Although apneic attack was detected in the present case, the patient did not have inflammation and fever to indicate active aspiration pneumonia preoperatively. She did not present with electrocardiogram abnormalities. Her epilepsy was well controlled with oral anticonvulsant medication and her nutritional status was relatively good. Therefore, we determined that the timing of her operation was appropriate.
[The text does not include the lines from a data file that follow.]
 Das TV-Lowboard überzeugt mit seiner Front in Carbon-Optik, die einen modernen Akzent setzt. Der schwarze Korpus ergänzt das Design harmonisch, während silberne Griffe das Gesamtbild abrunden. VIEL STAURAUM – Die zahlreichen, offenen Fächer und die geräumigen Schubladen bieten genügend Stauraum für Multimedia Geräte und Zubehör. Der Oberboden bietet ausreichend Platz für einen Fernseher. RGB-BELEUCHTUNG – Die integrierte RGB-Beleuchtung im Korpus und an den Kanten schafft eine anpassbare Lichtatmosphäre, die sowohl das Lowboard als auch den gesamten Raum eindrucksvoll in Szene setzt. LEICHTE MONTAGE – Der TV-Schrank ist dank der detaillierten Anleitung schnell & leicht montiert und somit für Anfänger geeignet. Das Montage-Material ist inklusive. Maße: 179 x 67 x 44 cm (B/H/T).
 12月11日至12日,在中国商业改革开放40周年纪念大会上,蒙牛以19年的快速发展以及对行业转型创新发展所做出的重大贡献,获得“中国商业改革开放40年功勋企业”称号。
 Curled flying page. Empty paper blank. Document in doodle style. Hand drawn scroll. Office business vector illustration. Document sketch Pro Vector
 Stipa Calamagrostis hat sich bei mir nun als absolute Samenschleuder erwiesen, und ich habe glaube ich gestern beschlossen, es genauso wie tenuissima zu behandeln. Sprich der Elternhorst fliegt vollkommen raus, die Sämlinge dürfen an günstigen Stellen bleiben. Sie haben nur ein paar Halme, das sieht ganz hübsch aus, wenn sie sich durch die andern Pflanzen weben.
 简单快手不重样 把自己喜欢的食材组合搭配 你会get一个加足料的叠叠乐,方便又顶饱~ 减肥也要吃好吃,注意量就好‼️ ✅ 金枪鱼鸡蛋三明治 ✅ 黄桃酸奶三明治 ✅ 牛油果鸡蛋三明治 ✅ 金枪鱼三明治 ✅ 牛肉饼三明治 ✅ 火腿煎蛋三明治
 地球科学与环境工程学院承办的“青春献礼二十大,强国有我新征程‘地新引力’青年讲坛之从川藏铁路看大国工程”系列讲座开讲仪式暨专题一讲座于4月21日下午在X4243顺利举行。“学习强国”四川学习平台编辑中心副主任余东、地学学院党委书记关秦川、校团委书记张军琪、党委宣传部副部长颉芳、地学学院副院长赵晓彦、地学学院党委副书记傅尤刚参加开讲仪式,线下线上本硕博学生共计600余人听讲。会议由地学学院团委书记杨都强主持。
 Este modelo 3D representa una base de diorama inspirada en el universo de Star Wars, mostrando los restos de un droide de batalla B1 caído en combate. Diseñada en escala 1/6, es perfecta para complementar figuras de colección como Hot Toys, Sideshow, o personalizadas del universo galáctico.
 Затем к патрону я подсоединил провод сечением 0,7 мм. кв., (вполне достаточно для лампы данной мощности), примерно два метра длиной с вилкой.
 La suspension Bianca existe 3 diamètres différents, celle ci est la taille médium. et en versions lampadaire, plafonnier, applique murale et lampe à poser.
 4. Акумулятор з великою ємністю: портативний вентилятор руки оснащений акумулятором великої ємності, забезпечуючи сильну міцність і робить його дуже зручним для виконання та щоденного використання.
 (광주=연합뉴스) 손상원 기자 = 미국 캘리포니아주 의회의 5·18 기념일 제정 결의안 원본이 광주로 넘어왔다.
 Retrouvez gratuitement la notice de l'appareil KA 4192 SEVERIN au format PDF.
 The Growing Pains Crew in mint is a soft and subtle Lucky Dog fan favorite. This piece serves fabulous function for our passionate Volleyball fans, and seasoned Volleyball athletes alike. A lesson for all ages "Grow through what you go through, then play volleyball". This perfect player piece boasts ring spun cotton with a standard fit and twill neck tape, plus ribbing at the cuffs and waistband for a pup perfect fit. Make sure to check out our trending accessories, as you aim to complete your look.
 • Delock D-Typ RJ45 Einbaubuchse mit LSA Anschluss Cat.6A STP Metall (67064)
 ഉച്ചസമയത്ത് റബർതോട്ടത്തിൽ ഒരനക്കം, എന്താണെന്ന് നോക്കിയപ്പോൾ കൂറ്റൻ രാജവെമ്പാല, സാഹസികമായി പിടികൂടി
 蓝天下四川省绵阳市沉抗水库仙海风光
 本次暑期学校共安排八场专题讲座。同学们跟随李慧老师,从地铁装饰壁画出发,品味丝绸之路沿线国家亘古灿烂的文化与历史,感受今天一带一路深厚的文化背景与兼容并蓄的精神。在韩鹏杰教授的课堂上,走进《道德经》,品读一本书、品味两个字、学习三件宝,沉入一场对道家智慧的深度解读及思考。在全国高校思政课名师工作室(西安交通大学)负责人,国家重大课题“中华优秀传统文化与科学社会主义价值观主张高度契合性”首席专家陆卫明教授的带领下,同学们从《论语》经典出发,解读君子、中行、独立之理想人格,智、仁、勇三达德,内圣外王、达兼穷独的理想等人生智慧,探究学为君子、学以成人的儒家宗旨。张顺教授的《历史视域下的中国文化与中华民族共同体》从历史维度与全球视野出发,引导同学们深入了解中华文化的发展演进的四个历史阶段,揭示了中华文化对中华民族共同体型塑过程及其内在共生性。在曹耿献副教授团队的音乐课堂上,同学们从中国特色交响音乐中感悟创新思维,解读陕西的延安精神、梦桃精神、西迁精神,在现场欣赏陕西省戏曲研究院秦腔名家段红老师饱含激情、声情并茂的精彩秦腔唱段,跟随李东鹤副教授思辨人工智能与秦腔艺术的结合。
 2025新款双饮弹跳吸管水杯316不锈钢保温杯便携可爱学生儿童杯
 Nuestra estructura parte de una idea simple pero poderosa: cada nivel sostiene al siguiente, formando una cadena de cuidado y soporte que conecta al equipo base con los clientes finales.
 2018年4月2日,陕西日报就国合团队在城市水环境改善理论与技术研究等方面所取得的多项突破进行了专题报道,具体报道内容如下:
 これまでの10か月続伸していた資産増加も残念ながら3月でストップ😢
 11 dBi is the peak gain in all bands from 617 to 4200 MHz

Patients with Rett syndrome reportedly have individual variability in sensitivity to anesthetic agents and muscle relaxants [9, 10]. Therefore, it is strongly recommended that the BIS monitor and muscle relaxation monitor be used to avoid both insufficient anesthesia and delayed awaking. Towards the end of an anesthetic and during the postoperative period, insufficient analgesia and premature awakening may induce apneic attacks and convulsions in these patients. Conversely, generous doses of narcotics may cause respiratory depression because these patients may be sensitive to narcotics. Therefore, a multimodal technique would be valuable to provide postoperative analgesia. Since analgesic evaluation in patients with Rett syndrome may be difficult due to difficulty in communication, close patient observation and careful titration of analgesic drugs are required. Table 1 outlines the perioperative problems and evaluation items corresponding to the current patient with Rett syndrome.

Table 1

Perioperative problems, evaluation items, and correspondences of Rett syndrome patient

	Perioperative problem of Rett syndrome patients	Preoperative evaluation	Intraoperative management	Postoperative management
Central nervous system	Intellectual disability Spasm Autonomic disturbances Variability in sensitivity to anesthetic agents	Mutual understanding may be difficult Control of epilepsy Adjustment of Dosage of antiepileptics	Consider premedication Appropriate analgesia/anesthesia Avoid drugs that induce spasm Prevent hypotension during induction Prevent delayed emergence from anesthesia Appropriate monitoring (BIS/TOF)	Avoid seizure with adequate multimodal analgesia Early resumption/adjustment of anticonvulsants Appropriate monitoring
Airway	Micrognathia, Trismus Technical difficulties of intubation	Evaluate technical difficulties of intubation	Prepare video laryngoscope or bronchofiber Consider awake intubation
Respiratory system	Apnea/abnormality of respiratory pattern Pneumonia Restrictive ventilatory impairment	Preoperative examination Evaluate pneumonia with blood test, X-ray	Avoid apnea with adequate analgesia	Close monitoring of respiratory conditions Physical therapy to avoid respiratory complications NPPV
Circulatory system	QT prolongation Arrhythmia Bradycardia Structural cardiac defects are rare	Electrocardiogram Echocardiography	Avoid drugs that prolong QT Consider cardiac pacing Monitoring electrocardiogram	Management under ECG monitor
Nutrition	Malnutrition Hypoalubuminemia Electrolyte abnormalities	Evaluate nutritional status, surgical indication Correct nutritional status, electrolyte abnormalities		Early enteral nutrition
Musculoskeletal system	Scoliosis		Appropriate positioning and decompression to prevent bedsores

Conclusions

We conducted general anesthesia management of a patient with Rett syndrome with central nervous symptoms using appropriate preoperative evaluation, optimal anesthesia management, and monitoring, without complications. A detailed anesthetic plan is required in the perioperative management of patients with Rett syndrome because several points must be considered during preoperative evaluation, intraoperative anesthetic management, and postoperative care.